Measuring, Selection and Placement Center
- Established: 1973
- Founder: Law enacted by Grand National Assembly
- Focus: Student and civil servant selection
- Location: Bilkent, Ankara, Turkey;
- Owner: Turkey
- Website: www.osym.gov.tr
- Formerly called: Öğrenci Seçme ve Yerleştirme Merkezi

= Measuring, Selection and Placement Center =

Turkish government body

The Measuring, Selection and Placement Center (Ölçme, Seçme ve Yerleştirme Merkezi, ÖSYM) is the body responsible for organizing the national level university entrance examination Student Selection and Placement System, and several other large scale examinations in Turkey. It was founded in 1974 and its headquarters is in Ankara.

ÖSYM also operates the world's one and only government-operated dedicated large scale (5600 people at a time) computer-based test center.

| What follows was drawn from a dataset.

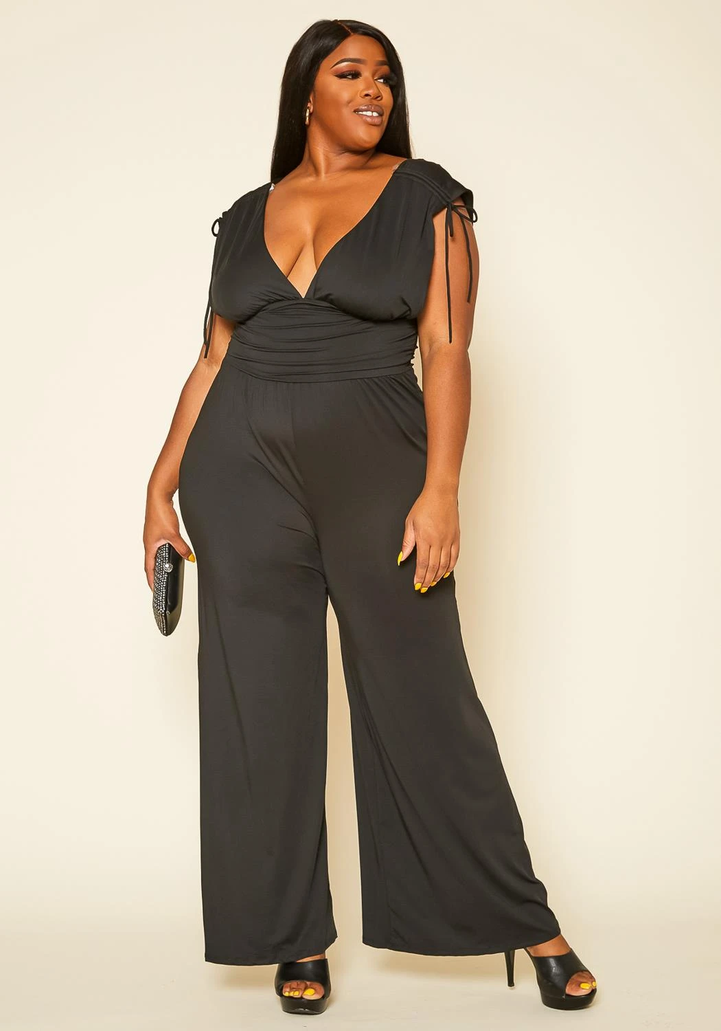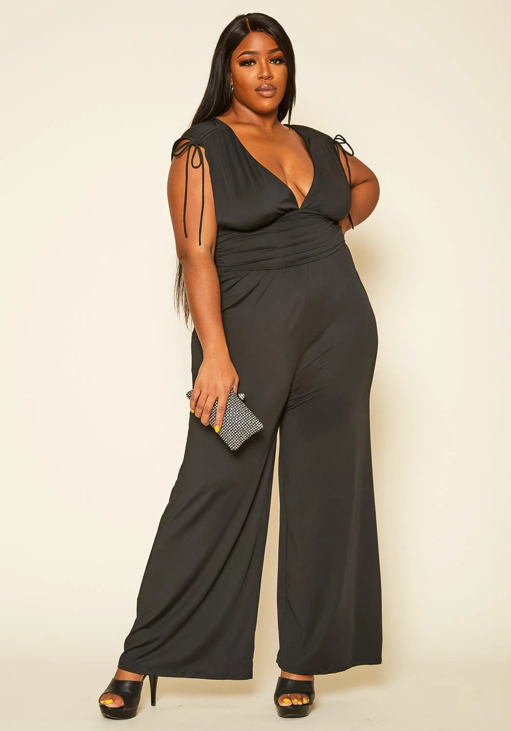 Plus size women’s jumpsuit in tank style with drawstring ascent, open side cleavage detail, side zipper closure, wide flare leg hem and front and back v-neck hem.

==Foreign language exams==

- Foreign Language Exam (Yabancı Dil Sınavı, YDS), there are also:
- YÖKDİL, a test in a similar format to YDS, but limited to Turkish universities in validity
- YKS-YDT, the foreign language part of the Student Selection and Placement System
- a section of the teacher's exam (ÖABT) for foreign language teachers.